Las sociedades mundiales están amenazadas, unas más rápidamente que otras, pero todas, por la escasez de agua potable. Y en tales condiciones de ningún modo puede un país guiarse por patrones más o menos tradicionales y pre­visibles de gobernación. De aquí que últimamente venga yo haciendo tanta alusión a la libertad y a la restricción de la li­bertad como única salida al dramatismo que se gesta por mo­men­tos. A priori no tiene sentido que un alto porcentaje del mundo carezca de agua potable y el otro la derroche. Me­támoslo en la cabeza: nos toca, ya, también, a "noso­tros", a los occidentales que vi­vimos entre los 35º y los 65º de lati­tud norte, vivir con el agua racionada. La pregunta es ¿se­rá capaz este país de resolver la situación sin despe­da­zarnos?

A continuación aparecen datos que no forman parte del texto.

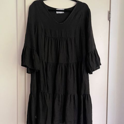 ByPias arkimekko naisille, koko XL. Beige, yksivärinen mekko, materiaalina 100 % pellava. Mallissa on väljä leikkaus, 3/4-pituiset hihat ja etupuolella paikkataskut. Pyöreä pääntie, takana nappikiinnitys. Soveltuu arkipukeutumiseen ja kerrospukeutumiseen.
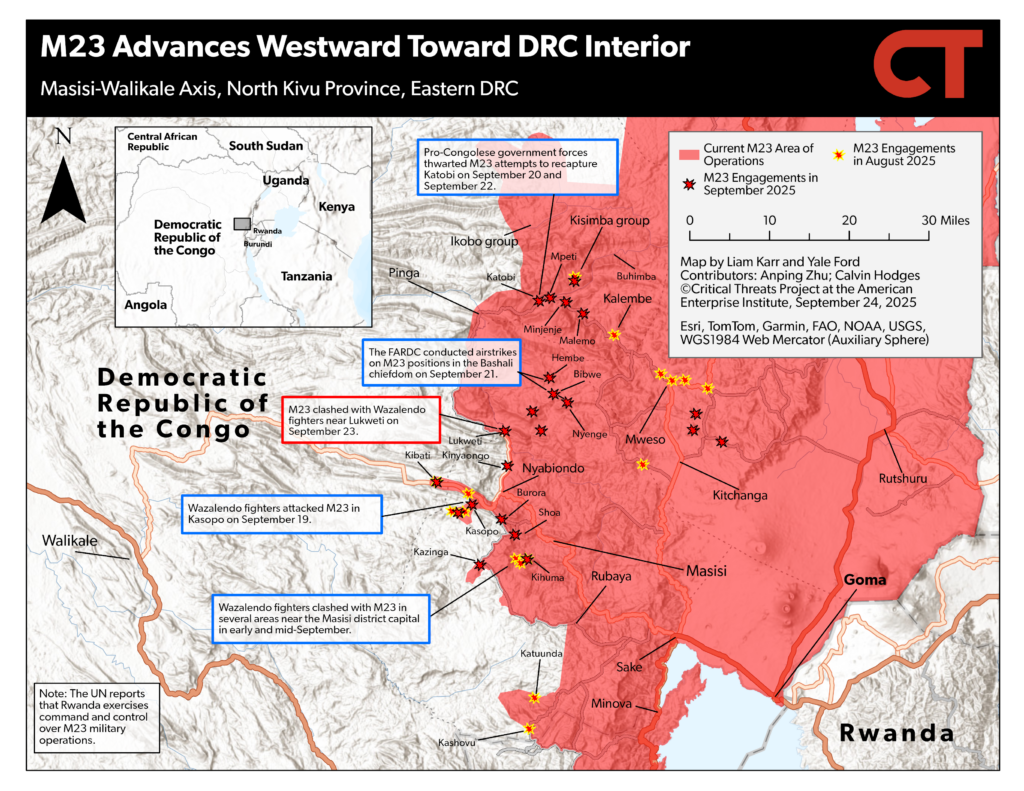 M23 launched a separate offensive in north-central Masisi district in North Kivu. M23 has captured several villages in the Bashali chiefdom in north-central Masisi, roughly 15 miles southeast of Pinga since early September.[xv] Wazalendo fighters and hundreds of civilians in Bashali have fled toward Pinga from Lukweti village, which sits on a local road 25 miles south of Pinga and 10 miles north of Nyabiondo.[xvi]

No lloverá en otoño “bastante”, y el país se va a en­con­trar bruscamente sin agua suficiente para abastecer a las pobla­ciones; menos para atender a sectores económicos basa­dos en el uso del agua. Entre ellos la construcción. En estas condiciones no podemos seguir tratando ni aplicando la po­lítica, ni la economía, ni la filosofía política como si aquí no pasase nada. Hemos de asumir nuestro destino: se acabó el agua para el con­sumo masivo y sin mi­ramientos. Empieza una nueva etapa sobre el planeta. Me temo que ter­minal. Más vale que nos vayamos preparando para afrontar el ca­taclismo bajo el que sucumbiremos si no nos adaptamos, y además rápidamente, a convivir con él.